2. (M2) Each carbon atom involved in the double bond must have two different atoms or groups attached to it.
Explanation: The double bond’s pi bond prevents free rotation, locking the structure. If both carbons have two identical groups (e.g., in ethene, H2C=CH2), rotating the ends doesn’t create a distinct isomer. For geometrical isomerism (E/Z isomerism) to exist, each carbon of the double bond must have two different substituents, allowing for two distinct spatial arrangements (e.g., the groups can be on the same side, cis/Z, or opposite sides, trans/E).
(d)
Explanation: CH3CH(OH)CN (2-hydroxypropanenitrile) has a chiral center (the carbon atom with the H, OH, CH3, and CN groups attached). This means it can exist as two non-superimposable mirror images. The 3D diagrams must show this, using wedges (coming out of the plane) and dashed lines (going into the plane) to represent the tetrahedral arrangement around the chiral carbon. The two isomers must be mirror images of each other.
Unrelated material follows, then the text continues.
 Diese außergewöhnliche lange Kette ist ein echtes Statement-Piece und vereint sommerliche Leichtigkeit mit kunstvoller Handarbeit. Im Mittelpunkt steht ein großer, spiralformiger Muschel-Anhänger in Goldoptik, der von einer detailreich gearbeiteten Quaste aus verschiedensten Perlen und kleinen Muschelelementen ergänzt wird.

(e) \(\text{CH}_3\text{CH}_2\text{CN} + 2\text{H}_2 \rightarrow \text{CH}_3\text{CH}_2\text{CH}_2\text{NH}_2\)
Explanation: This is a reduction reaction. The nitrile group (-C≡N) is reduced to a primary amine group (-CH2-NH2) using hydrogen gas and a metal catalyst like platinum (Pt), nickel (Ni), or palladium (Pd). Two moles of hydrogen are required for this conversion.
(f)(i) Substitution
Explanation: In step 1, the hydroxyl group (-OH) of propan-1-ol is replaced (substituted) by a chlorine atom from SOCl2 (thionyl chloride) to form chloro propane. This is a nucleophilic substitution reaction.
(f)(ii)
Reagent: Ammonia (NH3)
Conditions: Heat, and the reaction is often carried out in a sealed tube/under pressure or in ethanol as a solvent.
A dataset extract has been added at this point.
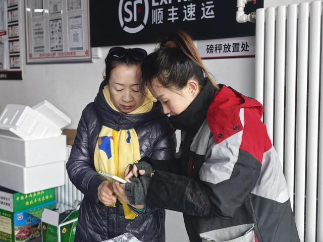 在顺丰速运驿站前台,前来寄快递的市民较往日明显增多,大大小小的包裹装载着沉甸甸的心意。胶带一圈圈缠紧箱子,封口机“咔嗒”作响,快递员一边核对地址,一边叮嘱生鲜食品需加固包装。市民乔飞一早就带着几箱熟牛肉来到站点,“这是我自己做的熟牛肉,打算寄给远在内蒙古呼和浩特市的妈妈,希望她在新的一年万事如意。”乔飞开心地说。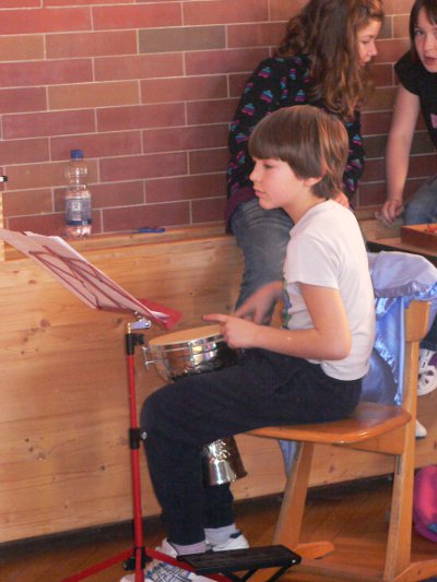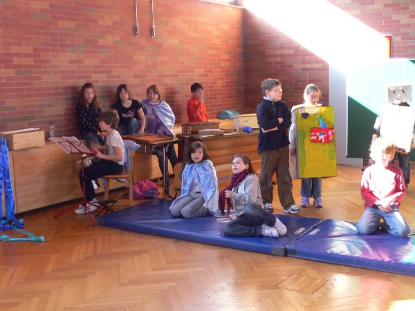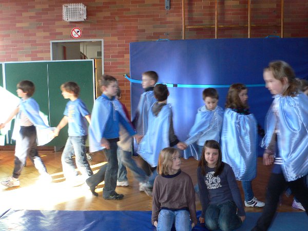 Jule schreibt: Wir haben schon viele Musikstücke geprobt und viele Tänze zum Thema getanzt. Ein paar Kinder sind Wassertropfen, andere spielen die Instrumente und wieder andere spielen freundliche Leute am Fluss. Wir haben ein Bühnenbild, Wellen und viele andere Sachen. Zu dem Stück von Smetana "Die Moldau" tanzen wir und bewegen uns wie eine Quelle.

Explanation: Step 2 is another nucleophilic substitution reaction. The ammonia molecule (a nucleophile) attacks the chloroalkane, displacing the chloride ion and forming a primary amine (propylamine). Excess ammonia is often used to minimize further substitution (e.g., forming secondary and tertiary amines). Heating is required to overcome the activation energy for this substitution, and performing the reaction under pressure or in a sealed tube helps contain the reactants, especially since ammonia is a gas.